En ese departamento que olía a levadura de cerveza porque estaba junto a la fábrica de Grupo Modelo, aprendí a maquillarme para mí, aunque no hubiera plan (jamás la olvidaré sentada en su escritorio con un espejo con foquitos y su set de sombras de Pupa -de dos pisos-, que se había comprado en Milán) diciéndome mientras se veía en el espejo que se pintaba por ella y para ella.

De Maite aprendí a reírme de mi misma al grado de hacerme pipi en esas escaleras de granito blanco que subimos tantas veces, crudas, con las bolsas del super.

De Maite aprendí a sentir sin importar si “estaba bien” o si el sentimiento era correspondido.

Aprendí a no ver hacia el otro lado. A sentir orgullo por ser distinta a los demás.

Nos enamoramos muchas veces del mismo, muchas veces fuimos compartidas. Aprendí de Maite que una mujer que no tiene complejos sexuales tiene un arma poderosa. Aprendí de Maite que la vergüenza jamás sería nuestro territorio.


De Maite aprendí, leyendo novelas adolescentes buenísimas que tenían títulos como “Propiedad de”, o “Tuya jamás y por siempre” que estar enamorada era el mejor estado emocional y que cuando dejas de hacerlo es señal de que por fin ya te hiciste adulto (es de las últimas conversaciones que tuve con ella, por chat, en el estacionamiento del City Market). Le encantaban esas novelas, casi tanto como los “Sumarios del crimen”: también le aprendí que lo que la gente a veces llama “amor” tiene más que ver con compulsiones obsesivas y patológicas. Ja.

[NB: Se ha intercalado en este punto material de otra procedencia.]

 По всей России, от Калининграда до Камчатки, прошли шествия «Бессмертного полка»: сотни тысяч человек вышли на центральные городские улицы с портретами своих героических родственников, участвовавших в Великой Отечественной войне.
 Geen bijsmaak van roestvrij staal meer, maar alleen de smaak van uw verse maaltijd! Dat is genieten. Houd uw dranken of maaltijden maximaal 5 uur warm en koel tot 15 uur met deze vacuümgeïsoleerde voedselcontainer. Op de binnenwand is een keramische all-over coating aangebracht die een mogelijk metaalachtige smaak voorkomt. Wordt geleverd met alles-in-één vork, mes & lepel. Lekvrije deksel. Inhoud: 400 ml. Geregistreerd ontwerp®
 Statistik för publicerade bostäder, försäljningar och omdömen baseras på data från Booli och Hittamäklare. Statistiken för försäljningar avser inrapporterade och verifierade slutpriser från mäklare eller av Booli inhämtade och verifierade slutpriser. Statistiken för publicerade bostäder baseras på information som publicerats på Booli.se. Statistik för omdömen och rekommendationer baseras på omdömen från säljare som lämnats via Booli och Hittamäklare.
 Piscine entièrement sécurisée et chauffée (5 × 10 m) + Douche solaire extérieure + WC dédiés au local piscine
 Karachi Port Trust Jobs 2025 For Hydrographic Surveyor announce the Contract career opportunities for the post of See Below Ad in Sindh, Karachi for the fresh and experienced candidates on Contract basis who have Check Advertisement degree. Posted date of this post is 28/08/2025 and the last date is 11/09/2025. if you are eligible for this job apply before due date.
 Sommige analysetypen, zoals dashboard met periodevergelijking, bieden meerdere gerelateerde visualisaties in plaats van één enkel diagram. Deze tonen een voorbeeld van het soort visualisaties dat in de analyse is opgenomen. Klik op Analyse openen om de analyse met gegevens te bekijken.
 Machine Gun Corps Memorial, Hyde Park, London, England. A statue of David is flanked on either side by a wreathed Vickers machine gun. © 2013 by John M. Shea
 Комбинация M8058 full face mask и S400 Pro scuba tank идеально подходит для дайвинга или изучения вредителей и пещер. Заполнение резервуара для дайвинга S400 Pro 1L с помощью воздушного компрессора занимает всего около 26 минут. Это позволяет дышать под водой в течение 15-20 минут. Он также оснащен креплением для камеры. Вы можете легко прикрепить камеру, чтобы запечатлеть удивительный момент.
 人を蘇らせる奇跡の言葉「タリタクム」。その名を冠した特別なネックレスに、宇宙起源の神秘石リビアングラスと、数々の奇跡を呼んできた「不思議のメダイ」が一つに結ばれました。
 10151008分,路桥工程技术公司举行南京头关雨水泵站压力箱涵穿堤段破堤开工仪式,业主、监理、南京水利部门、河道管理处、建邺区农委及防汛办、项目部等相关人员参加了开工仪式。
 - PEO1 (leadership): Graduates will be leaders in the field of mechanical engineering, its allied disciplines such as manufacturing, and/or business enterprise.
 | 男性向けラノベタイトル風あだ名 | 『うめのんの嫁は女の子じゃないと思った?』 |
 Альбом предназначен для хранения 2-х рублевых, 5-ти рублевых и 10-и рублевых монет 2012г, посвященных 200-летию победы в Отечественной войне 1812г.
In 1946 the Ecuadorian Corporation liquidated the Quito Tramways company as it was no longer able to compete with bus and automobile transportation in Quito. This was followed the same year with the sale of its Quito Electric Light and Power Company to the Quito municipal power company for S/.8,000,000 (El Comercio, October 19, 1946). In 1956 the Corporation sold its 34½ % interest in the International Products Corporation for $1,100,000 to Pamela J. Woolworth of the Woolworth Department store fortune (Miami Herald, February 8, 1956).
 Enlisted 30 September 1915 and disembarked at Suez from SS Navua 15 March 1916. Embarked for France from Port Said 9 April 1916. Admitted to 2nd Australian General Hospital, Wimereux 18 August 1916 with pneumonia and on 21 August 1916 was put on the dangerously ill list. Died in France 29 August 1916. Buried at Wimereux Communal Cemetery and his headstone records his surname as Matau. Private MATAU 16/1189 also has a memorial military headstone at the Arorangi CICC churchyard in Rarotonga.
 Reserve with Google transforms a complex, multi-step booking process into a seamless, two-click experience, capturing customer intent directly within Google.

De Maite aprendí a estar en la vida con contundencia. Que es mejor estar loca que ser gris.

Aprendí, a mis 14, que la mediocridad era el único camino que no.

En la vida pocas veces se tiene la suerte de cruzarse con inteligencias como la de Maite y con un sentido del humor tan brillante, tan especial, tan ella. Una risa que siempre logró que nos sintiéramos invencibles. Una suerte que celebraré siempre.


De Maite aprendí a responder preguntas difíciles y a tomar café y vodka. También con ella aprendí a fumar, a comprar condones y a ser una mamá divertida y una amiga infinita.

De Maite aprendí muchas cosas que hoy, a mis cincuenta años, son parte importante de mi entendimiento del “ser mujer”. A ella le debo esa sensación -que hay días que regresa- de los viernes, con mi falda escocesa en esa camioneta, en donde la vida empezaba y todo era posible.


Maite se fue un martes. Evidentemente sin avisar ni pedir permiso.

No me acuerdo qué mes fue, pero todavía tengo los cuadros que me traje de su casa sin colgar.

Hablo con ella seguido, cuando me pinto, cuando regreso a mi casa ya tarde manejando sola, cuando alguien dice una enorme estupidez o una tremenda cursilería (siempre se rio de las mías).

Le suelo contar cosas. Casi siempre termino riéndome. Estoy segura que me oye y se ríe a carcajadas, como siempre sin pena de nada.